A lot of things are changing right now, and hopefully for the better.
Old roommate moved out, and new roommate moved in. Still a few loose ends to sort out over the next several days, but I am much more compatible with the new roommate overall, so feeling good about that.
I have a small pile of stuff to sort in my room, but for the most part, things are where they are going to live now in my room. Looking forward to getting a new bed next week.
I have decided to try my hand at house cleaning again, but charge more for it. Last time, I think I got burned out because I was undervaluing my time. Especially when the people who can afford housecleaning usually live outside city limits so I’m driving a half hour each way to do it.
I think minimum wage being so low makes it difficult to really place an accurate dollar value on one’s time. I’m glad I did, though, and that others are willing to pay it.

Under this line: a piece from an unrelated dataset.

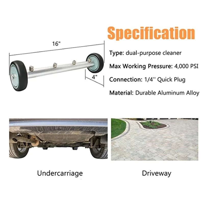 مناسب لتنظيف الجزء السفلي من السيارة والأرضية ، وساحات الفناء سهلة التنظيف ، والممرات ، وجوانب حمامات سباحة ، والأرصفة ، والممرات ، والطوابق ، والحطام الكبير.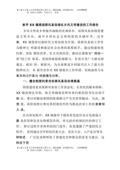 【七哥公文】2025年:关于XX镇推进移风易俗深化乡风文明建设的工作报告+更多免费公文+VX:QiGeGongWen2024

Assuming everything works out the way I think it will, I will be able to make enough money cleaning to be a little bit comfortable. I will be able to buy groceries without worrying and possibly even put a little money away so even if someone flakes I won’t immediately be in the red.
I will probably still volunteer at JBG for a CSA of free veggies at least every other month, but I am cleaning a lot over the next week, so I may take this month off.

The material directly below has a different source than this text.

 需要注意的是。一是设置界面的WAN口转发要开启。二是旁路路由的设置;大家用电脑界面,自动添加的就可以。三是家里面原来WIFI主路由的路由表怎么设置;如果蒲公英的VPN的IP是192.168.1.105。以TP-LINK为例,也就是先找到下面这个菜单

I think cleaning will settle into a manageable schedule over time, but for right now, everyone wants it done as soon as possible.
I am going to start therapy again. I was trying to find a therapist with experience dealing with alternative lifestyles, but I can’t afford it right now because so many don’t take insurance at all, or don’t take mine (hardly anyone does).
I am trying someone new at the place I was going, and we will see how it works out.
Worst case scenario, I will get better insurance in January and can try to make an appointment at the clinic everyone recommends then.
On the downside, I parked my car on the street so my old roommate could put some furniture in the driveway that people are picking up, and my new roommate hit it with her U-Haul.
So now I have to spend my day off tomorrow figuring that out. It looks like the plastic surrounding the headlight is busted and the bumper is dented but that is hopefully all.
I am just feeling some anxiety because my last accident got strung out so long and was so stressful to get finalized. And because I just got my car inspected and my registration renewed, and I really need it to be okay if I have to drive for all these house cleaning appointments.
I am trying not to worry about it, and can hopefully keep my plans for tomorrow with the people I care about.
Until I can afford a Roku, I can’t really watch TV right now, so I thought I would write everything out before bed to hopefully feel better about it.
A lot of good things are happening, so I’m trying to stay positive.
Maybe this is just my reminder that life is never perfect.